(Work required)
The material below holds pictures, which are to be left out; copy exactly the lines from the one with "6时,随着总指挥的一声令下,全部在押人员" through the one with "civilians and journalists.".

(Excerpted data)

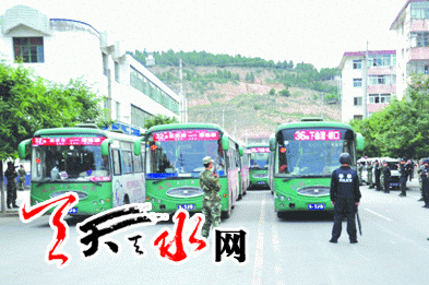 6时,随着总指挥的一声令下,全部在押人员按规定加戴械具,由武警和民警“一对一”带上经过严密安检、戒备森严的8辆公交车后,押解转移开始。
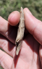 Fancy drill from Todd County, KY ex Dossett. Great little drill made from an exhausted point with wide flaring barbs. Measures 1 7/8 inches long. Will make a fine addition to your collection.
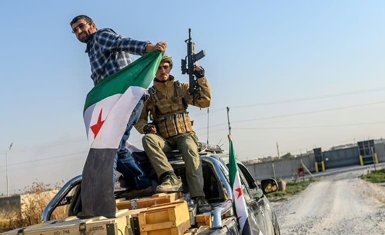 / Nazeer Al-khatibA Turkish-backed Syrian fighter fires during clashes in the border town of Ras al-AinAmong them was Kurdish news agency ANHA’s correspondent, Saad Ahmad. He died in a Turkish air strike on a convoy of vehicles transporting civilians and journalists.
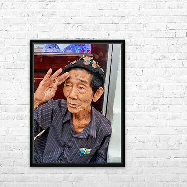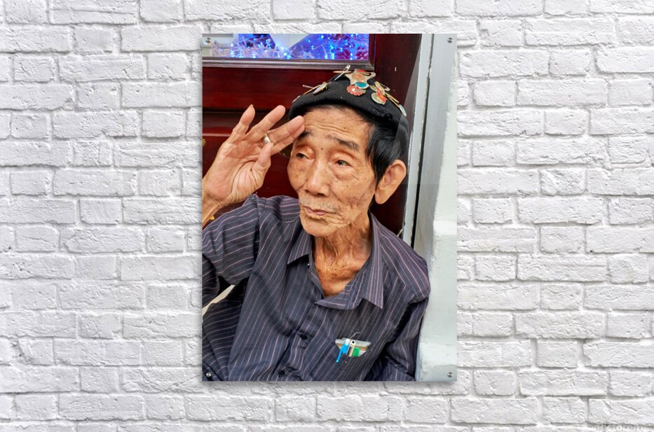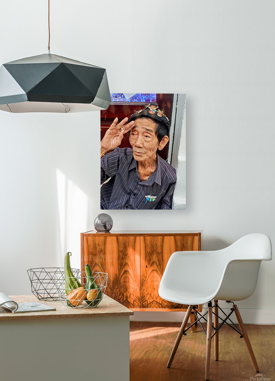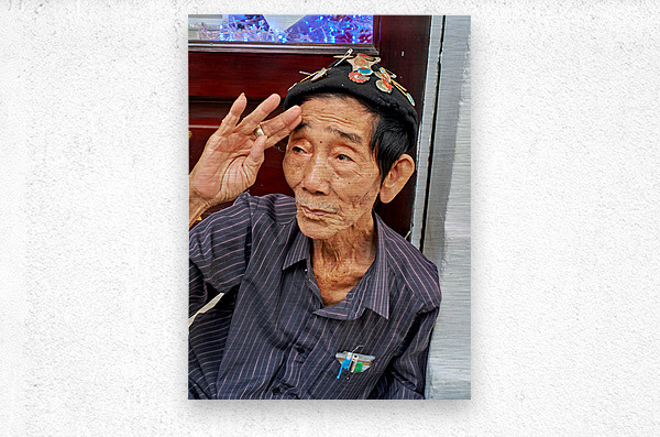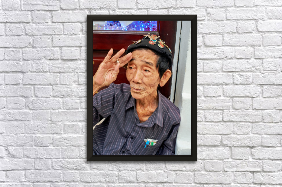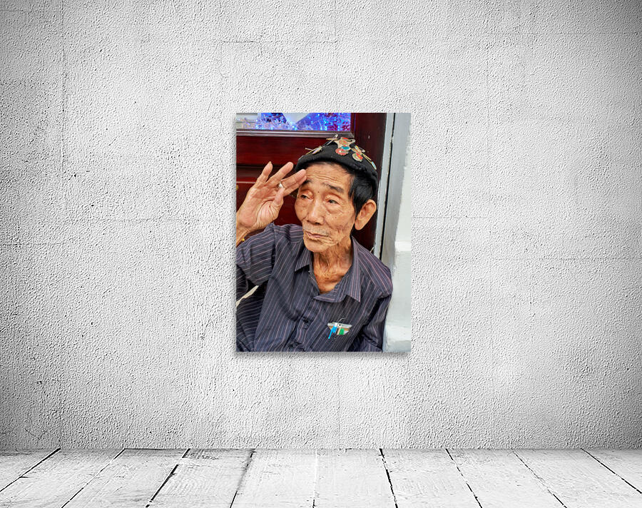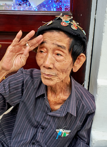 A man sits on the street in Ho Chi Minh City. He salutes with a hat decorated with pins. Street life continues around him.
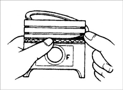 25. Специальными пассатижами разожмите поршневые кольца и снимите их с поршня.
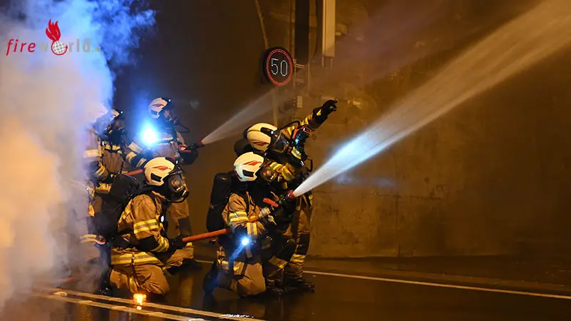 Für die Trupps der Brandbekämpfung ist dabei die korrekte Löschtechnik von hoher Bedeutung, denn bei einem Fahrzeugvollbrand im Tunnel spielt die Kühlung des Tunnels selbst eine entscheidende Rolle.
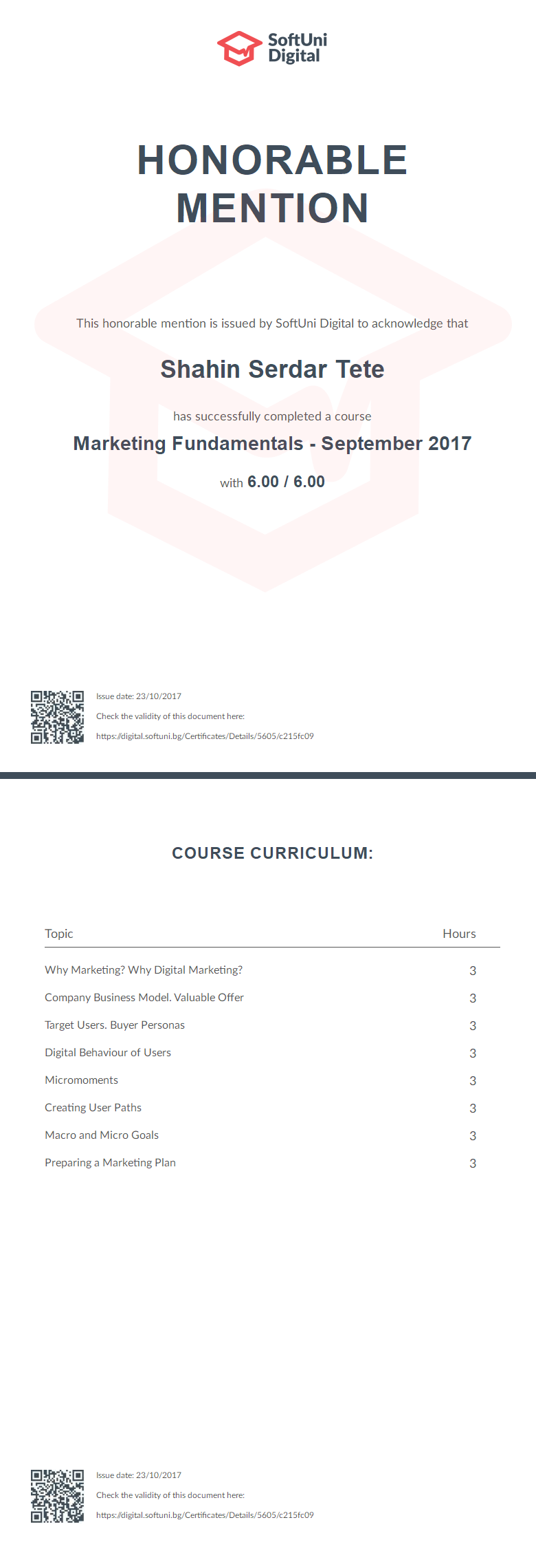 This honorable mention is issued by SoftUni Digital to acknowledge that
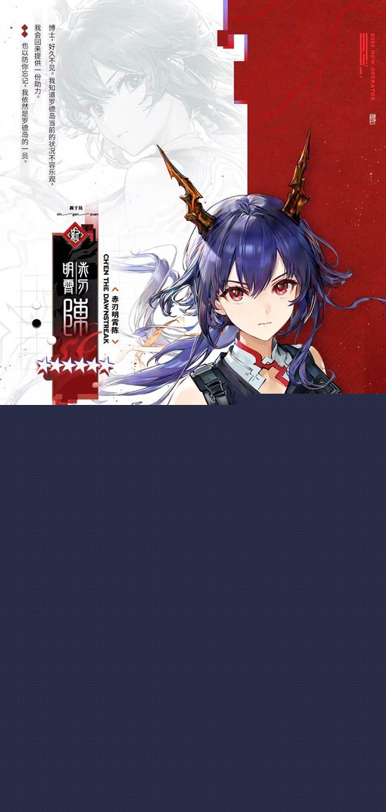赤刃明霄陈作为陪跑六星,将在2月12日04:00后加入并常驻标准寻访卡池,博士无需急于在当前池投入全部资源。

* * *

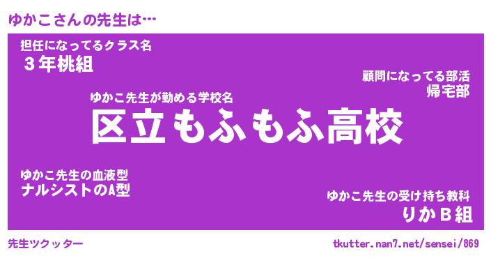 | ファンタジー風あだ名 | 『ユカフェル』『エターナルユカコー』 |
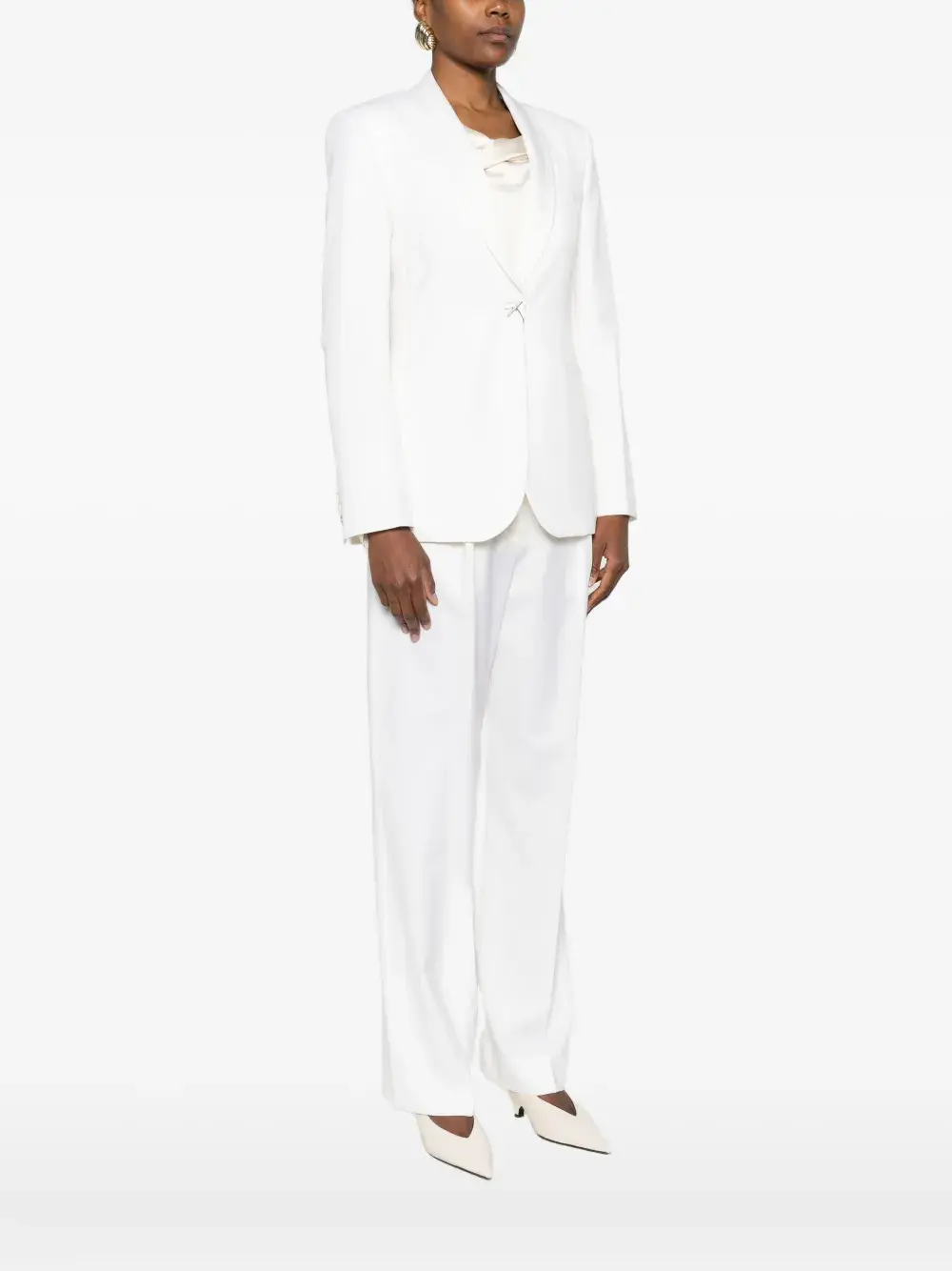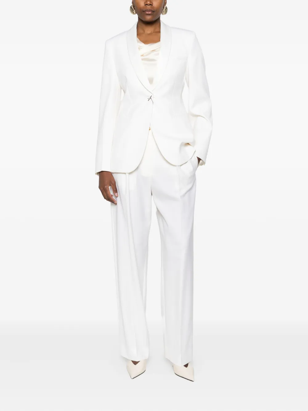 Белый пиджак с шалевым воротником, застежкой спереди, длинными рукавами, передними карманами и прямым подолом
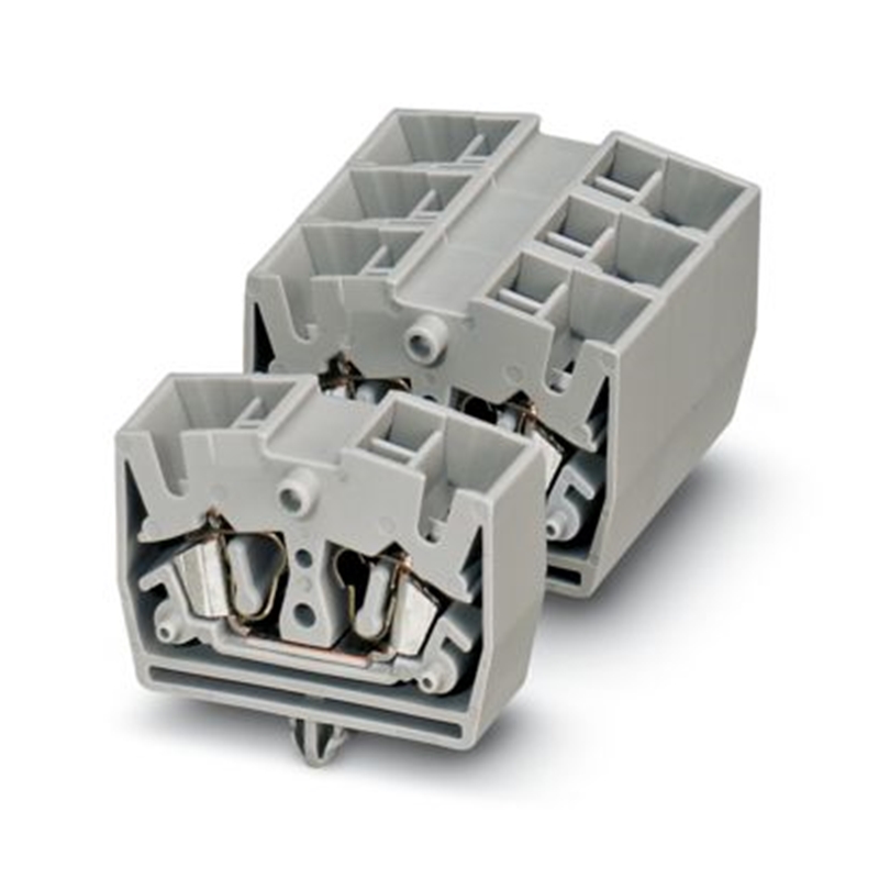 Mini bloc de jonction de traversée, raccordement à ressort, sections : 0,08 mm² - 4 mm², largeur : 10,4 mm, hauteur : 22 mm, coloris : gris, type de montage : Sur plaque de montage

(Task answer)
 6时,随着总指挥的一声令下,全部在押人员按规定加戴械具,由武警和民警“一对一”带上经过严密安检、戒备森严的8辆公交车后,押解转移开始。
 Fancy drill from Todd County, KY ex Dossett. Great little drill made from an exhausted point with wide flaring barbs. Measures 1 7/8 inches long. Will make a fine addition to your collection.
 / Nazeer Al-khatibA Turkish-backed Syrian fighter fires during clashes in the border town of Ras al-AinAmong them was Kurdish news agency ANHA’s correspondent, Saad Ahmad. He died in a Turkish air strike on a convoy of vehicles transporting civilians and journalists.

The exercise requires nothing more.